**YOUR GOAL:** The output must contain exactly the lines from the top of the listing below through the line containing "Один бутон белой", and no pictures.

**THE RECORDS:**
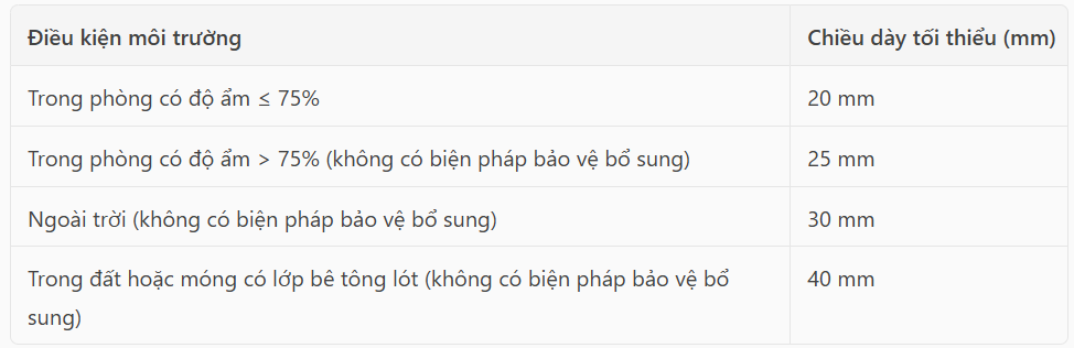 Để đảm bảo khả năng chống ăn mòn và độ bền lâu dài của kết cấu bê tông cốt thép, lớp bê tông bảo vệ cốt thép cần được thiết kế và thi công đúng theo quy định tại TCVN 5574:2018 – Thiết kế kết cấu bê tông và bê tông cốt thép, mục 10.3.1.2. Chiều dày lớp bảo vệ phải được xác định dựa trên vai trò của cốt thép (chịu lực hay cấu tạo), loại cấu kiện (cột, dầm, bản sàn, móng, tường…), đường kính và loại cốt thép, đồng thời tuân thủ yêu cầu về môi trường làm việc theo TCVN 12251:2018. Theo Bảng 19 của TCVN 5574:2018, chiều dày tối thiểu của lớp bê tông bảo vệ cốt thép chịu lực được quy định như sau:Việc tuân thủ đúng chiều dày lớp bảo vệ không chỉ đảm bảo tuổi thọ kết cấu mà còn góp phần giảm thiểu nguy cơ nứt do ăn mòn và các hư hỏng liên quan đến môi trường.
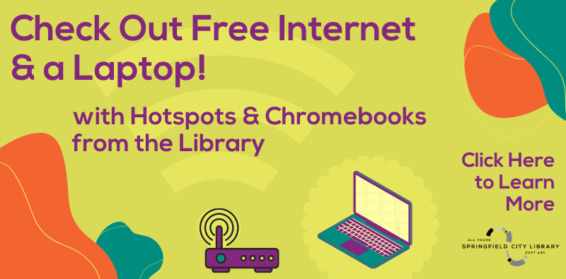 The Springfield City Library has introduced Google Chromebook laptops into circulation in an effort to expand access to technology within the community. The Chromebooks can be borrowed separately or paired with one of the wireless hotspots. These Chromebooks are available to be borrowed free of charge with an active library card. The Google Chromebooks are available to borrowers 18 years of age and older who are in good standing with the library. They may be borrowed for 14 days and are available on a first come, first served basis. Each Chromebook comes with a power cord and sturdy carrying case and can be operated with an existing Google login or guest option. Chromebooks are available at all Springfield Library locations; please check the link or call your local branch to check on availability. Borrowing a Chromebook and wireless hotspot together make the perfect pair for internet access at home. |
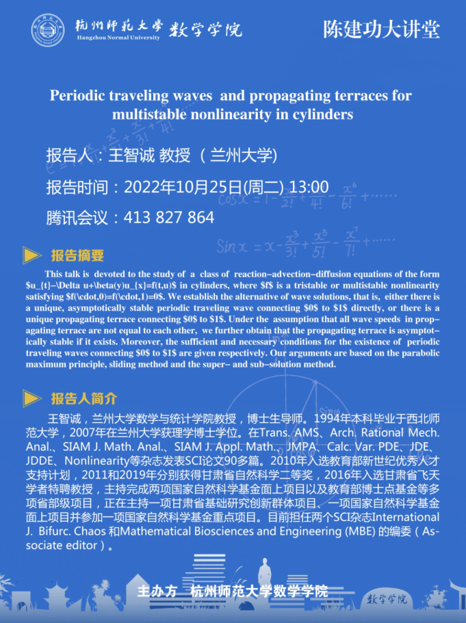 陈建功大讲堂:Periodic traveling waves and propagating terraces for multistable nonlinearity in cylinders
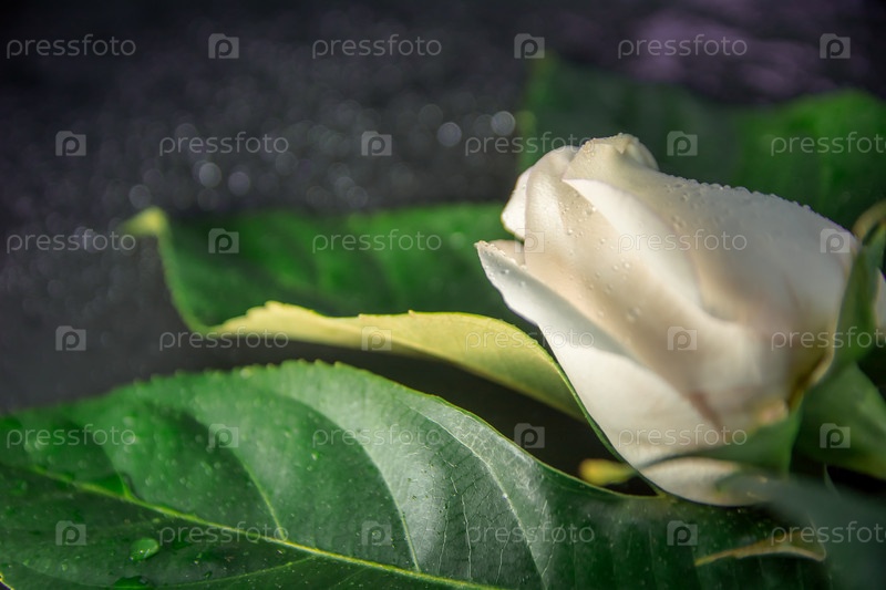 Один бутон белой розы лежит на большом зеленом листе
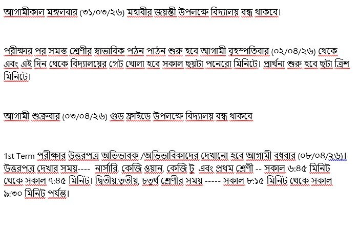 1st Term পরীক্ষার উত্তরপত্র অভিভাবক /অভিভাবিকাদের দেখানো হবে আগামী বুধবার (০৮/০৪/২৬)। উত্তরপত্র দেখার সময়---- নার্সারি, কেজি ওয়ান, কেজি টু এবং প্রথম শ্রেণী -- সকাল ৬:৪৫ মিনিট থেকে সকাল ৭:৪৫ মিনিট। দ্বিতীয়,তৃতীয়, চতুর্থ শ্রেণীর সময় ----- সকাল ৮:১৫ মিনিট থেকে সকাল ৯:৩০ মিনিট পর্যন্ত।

**EXERCISE RESULT:**
 Để đảm bảo khả năng chống ăn mòn và độ bền lâu dài của kết cấu bê tông cốt thép, lớp bê tông bảo vệ cốt thép cần được thiết kế và thi công đúng theo quy định tại TCVN 5574:2018 – Thiết kế kết cấu bê tông và bê tông cốt thép, mục 10.3.1.2. Chiều dày lớp bảo vệ phải được xác định dựa trên vai trò của cốt thép (chịu lực hay cấu tạo), loại cấu kiện (cột, dầm, bản sàn, móng, tường…), đường kính và loại cốt thép, đồng thời tuân thủ yêu cầu về môi trường làm việc theo TCVN 12251:2018. Theo Bảng 19 của TCVN 5574:2018, chiều dày tối thiểu của lớp bê tông bảo vệ cốt thép chịu lực được quy định như sau:Việc tuân thủ đúng chiều dày lớp bảo vệ không chỉ đảm bảo tuổi thọ kết cấu mà còn góp phần giảm thiểu nguy cơ nứt do ăn mòn và các hư hỏng liên quan đến môi trường.
 The Springfield City Library has introduced Google Chromebook laptops into circulation in an effort to expand access to technology within the community. The Chromebooks can be borrowed separately or paired with one of the wireless hotspots. These Chromebooks are available to be borrowed free of charge with an active library card. The Google Chromebooks are available to borrowers 18 years of age and older who are in good standing with the library. They may be borrowed for 14 days and are available on a first come, first served basis. Each Chromebook comes with a power cord and sturdy carrying case and can be operated with an existing Google login or guest option. Chromebooks are available at all Springfield Library locations; please check the link or call your local branch to check on availability. Borrowing a Chromebook and wireless hotspot together make the perfect pair for internet access at home. |
 陈建功大讲堂:Periodic traveling waves and propagating terraces for multistable nonlinearity in cylinders
 Один бутон белой розы лежит на большом зеленом листе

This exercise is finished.